Reuters finally found a home for its growing cash pile yesterday with an innovative scheme to return pounds 1.5bn to its shareholders. Peter Thal Larsen finds that a whole host of other companies are waiting to follow suit in swapping debt for equity.

The financial information provider is effectively bidding for itself. A new holding company - Reuters Group plc - is to offer 13 new shares and pounds 13.60 in cash for every 15 existing Reuters shares. The move will return a total of pounds 1.5bn to shareholders, leaving the company with net debt on its balance sheet for the first time since 1981.

Rob Rowley, finance director, said the move would improve the company's return on capital. "When you have cash earning a 5 per cent return and shareholders looking for 10 per cent you have a bit of a drag on your performance," he explained.

Mr Rowley said the plan would cost Reuters about pounds 30m in one-off tax and other costs, but avoided the huge Advance Corporation Tax (ACT) bill that share buybacks normally incur. "If we had not done this the scale of the deal would have been limited to half the size," he said.

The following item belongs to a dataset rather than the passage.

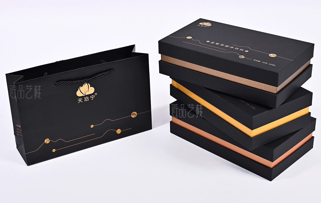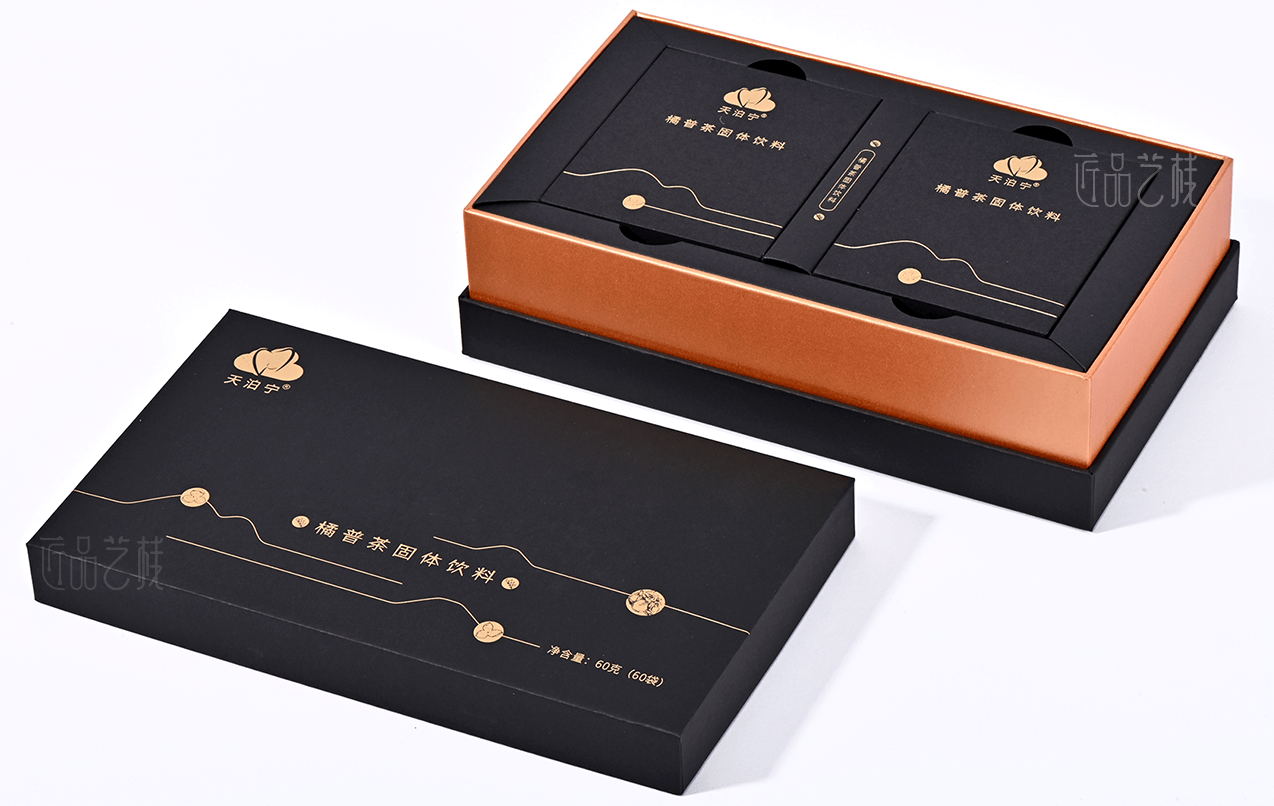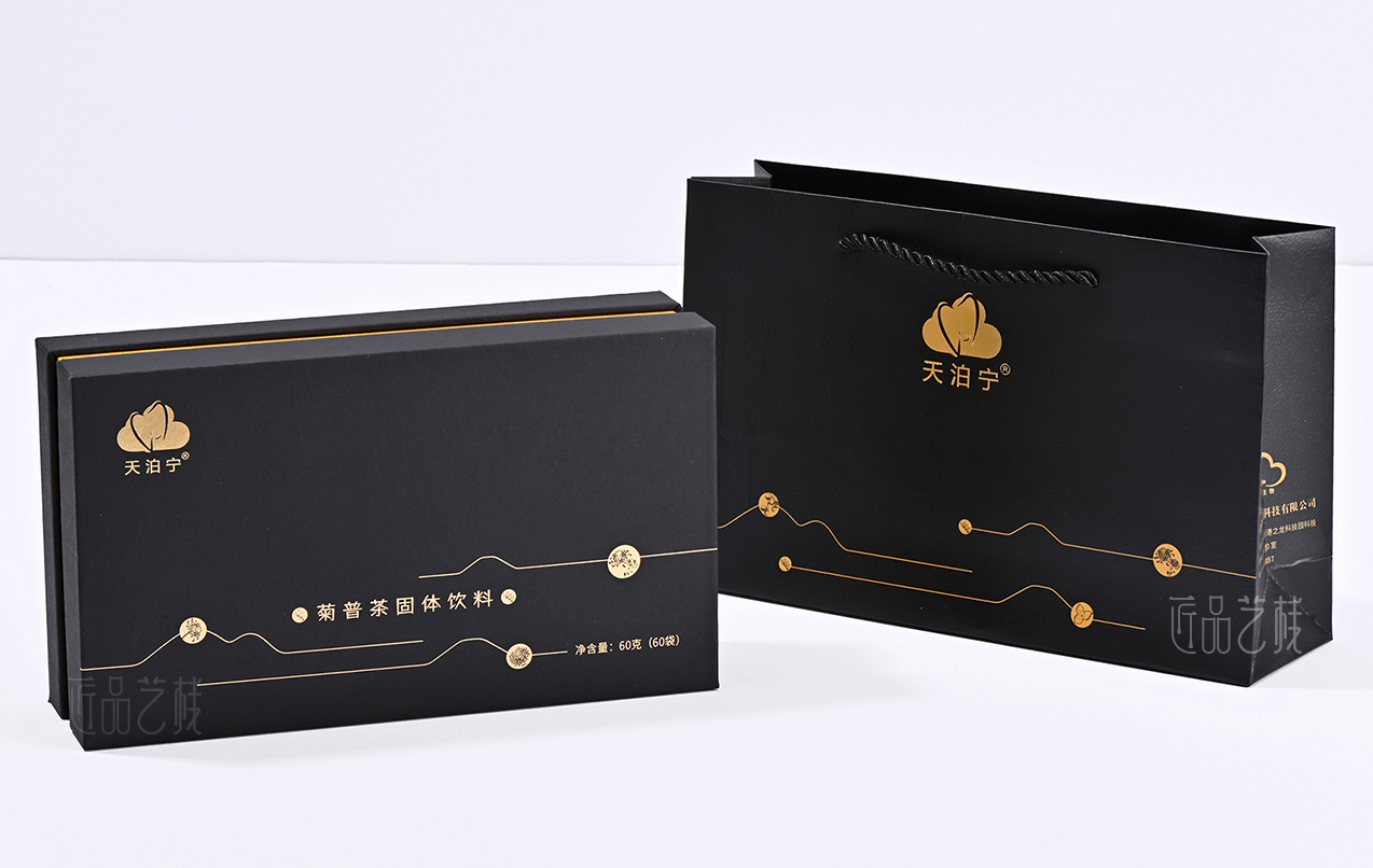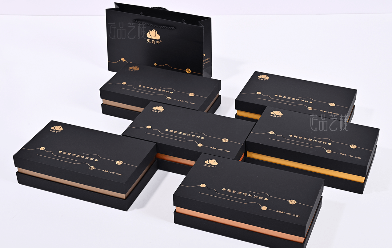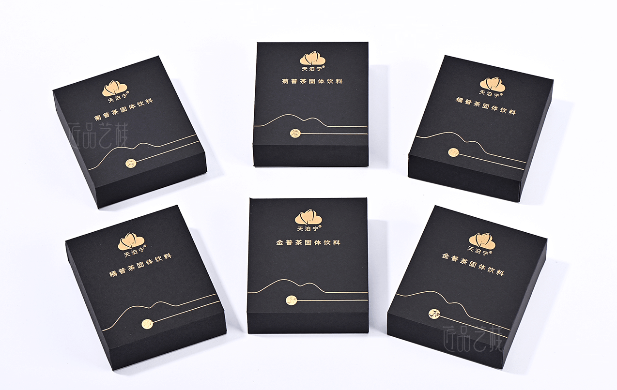天泊寧茯苓普洱茶粉固體飲料品牌,選用云南高海拔優(yōu)質(zhì)大葉種普洱茶、上等優(yōu)質(zhì)茯苓為原料,經(jīng)現(xiàn)代生物技術(shù)加工而成。在其系列產(chǎn)品包裝盒設(shè)計(jì)印刷中,匠品藝棧采用普洱茶的黑色為統(tǒng)一主色,并根據(jù)不同產(chǎn)品分類(lèi)采用不同顏色腰條為區(qū)分,使其整個(gè)系列產(chǎn)品包裝盒,既能形成統(tǒng)一的品牌視覺(jué)形象,同時(shí)又區(qū)分出鮮明的產(chǎn)品特色。

Although Gordon Brown, the Chancellor, announced the abolition of ACT last month, it will not be fully phased out until 1999.

Investors have long criticised Reuters for hoarding cash. An attempt to return pounds 613m to shareholders last year was thwarted when the Inland Revenue changed the rules on tax credits attached to special dividends. However, Reuters said the new scheme had full approved Inland Revenue approval.

The announcement went down well with investors, who pushed Reuters shares up 30.5p to 710p. "It's good news," said an analyst. "It should improve their return on capital."

The move is expected to release a wave of capital from other companies eager to hand back cash to shareholders. SBC Warburg Dillon Read, the merchant bank which designed the Reuters scheme, is talking to at least another six companies with similar plans. "The pipeline is fuller now than it has ever been," said corporate financier Max Ziff.

Warburgs calculates that over pounds 9.5bn has been returned to shareholders by companies since October 1996. But that's just a small proportion of the amounts companies could hand back. "UK plc is undergeared compared with the rest of the world," said Mark Tinker, UK equity strategist at investment bank UBS.

He calculates that if British companies took on the same level of debt as companies elsewhere, they would be able to buy back shares worth pounds 100bn. Cash-rich companies like Marks & Spencer and Bass are prime candidates to take on more debt.

Mr Tinker said the abolition of dividend tax credits in July's budget had reduced the attraction of dividends for investors, making it easier for companies to buy back shares. However, the continued existence of ACT - which requires companies to pay tax up front on any money they pay to shareholders -- made large buybacks impossible, prompting groups like Reuters to devise complex schemes that avoided ACT.

Now that ACT is to be abolished, however, companies will be free to buy back as many shares as they like. Indeed, Reuters announced yesterday that, in addition to the pounds 1.5bn pay out, it would buy back shares worth pounds 200m during 1998.